- Born: Carol Ann Podedworny 1959 Kingston, Ontario
- Education: BA, Art History, University of Guelph (1977–81); Master of Museum Studies, University of Toronto (1981–84); MA (Art History), York University, Toronto (1988–90)
- Known for: curator, museum director

= Carol Podedworny =

Canadian curator, museum director (born 1959)

Carol Podedworny (born 1959) is a Canadian museum director and curator who advocated for the inclusion of contemporary Indigenous art and for Indigenous voices in Canadian museums in a career spanning over 40 years. Besides post-contact First Nations art, she is interested in contemporary Canadian art, and a diverse range of art history and art, including its material practice. She is the author or co-author of many books, catalogues and essays which investigate these subjects, as well as issues of medical inquiry.

==Career==
Podedworny was born in Kingston, Ontario to Ukrainian and British parents and grew up mostly in Hamilton. She received her BA in Art History at the University of Guelph (1977–81); her Master of Museum Studies at the University of Toronto (1981–84); and her MA in Art History at York University in Toronto (1988–90). The title of her MA thesis, an excerpt of which was published in C Magazine in 1991, was "First Nations Art & the Canadian Mainstream".

From 1981, she worked in different galleries and museums, then became curator at the Thunder Bay Gallery (1984–88) and an independent curator (1988–99). She was appointed director/curator at the University of Waterloo Art Gallery (1999–2006), director/curator at the McMaster Museum of Art, Hamilton (2006–08) and director/chief curator, McMaster Museum of Art (2008-2024).
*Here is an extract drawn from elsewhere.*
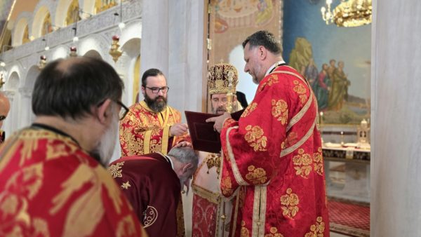 During the service, Archbishop Anastasios conferred the honorary ecclesiastical title of Sakellarios–Stavrophoros upon Fr. Ilias Maznik, recognising his dedicated pastoral service.

She has taught and lectured at many universities and since 2006, has served as an adjunct assistant professor in the School of the Arts, McMaster University. In 1987–88, she was president of the Native Art Studies Association of Canada. She has worked for a number of cultural institutions in the Canadian art community since 1982 and from 1991 to 1995 and 2012 to 2016, she was on the board of directors of the Ontario Association of Art Galleries.

==Writing==
Podedworny organized, co-organized or contributed essays to exhibitions on the art of such First Nations contemporary artists such as Gerald McMaster (1984), Rebecca Belmore (1988), Robert Houle (1993 and 2002), Greg Staats (2012) and Carl Beam (1994), as well as on Julie Voyce (1999), Rae Johnson, Ed Pien (2006) and Jane Buyers (2006) and others. She curated the important exhibition Rethinking History: Abrams, Andrews, Houle, Leydon, Poitras & Ash-Poitras (1992) in which she placed contemporary First Nations artists in the context of the contemporary mainstream; and curated or co-curated Natalka Husar: Burden of Innocence (2008), Shelagh Keeley (2009) and Jeff Thomas: Cold City Frieze: Mapping Iroquoia (2012). She has co-authored with Robert Houle a Mandate Study (1990–93) on the Subject of the Issues Surrounding the Exhibition, Collection and Interpretation of Contemporary Art of First Nations Artists.

She has also curated exhibitions on a broad range of subjects, from exploring the material history of paintings to the development of art collections and issues of health and wellness, as well as serving as managing producer for many diverse exhibitions such as Greek & Roman Coins in the collection of the McMaster Museum of Art (2022). She wrote Woodlands: Contemporary Art of the Anishnabe (1989), and the chapter "Daphne Odjig: Making History", in Odjig: The Art of Daphne Odjig, 1960–2000, which was praised by the Toronto Star and said to:
[illuminate] the artist's participation in the Winnipeg Art Gallery's groundbreaking 1972 show, Treaty Numbers 23, 287, 1171, which foregrounded questions of cultural diversity, multiplicity of gaze, and history as social construct, and did so within the walls and cultural authority of a major gallery. Now commonplace, these issues were then revolutionary in their application to Aboriginal artmakers. She co-authored Robert Houle: Troubling Abstraction, is the author of "Issues of Access, Representation & Diversity in the Canadian Milieu", in Re-Mediations: Stephen Foster & James Gillespie, the catalogue which accompanied an exhibition held at the Kelowna Art Gallery; McMaster Museum of Art; Art Gallery of Sudbury and The Art Gallery of Southwestern Manitoba (both 2007) and contributed to the Husar Handbook: Natalka Husar (2010). She has written many articles on a wide range of subjects for magazines such as Muse, the magazine of the Canadian Museums Association.

==Awards==
From 1987 on, Podedworny has been the recipient of many art critics, art writers and curators grants from the Ontario Arts Council and Canada Council.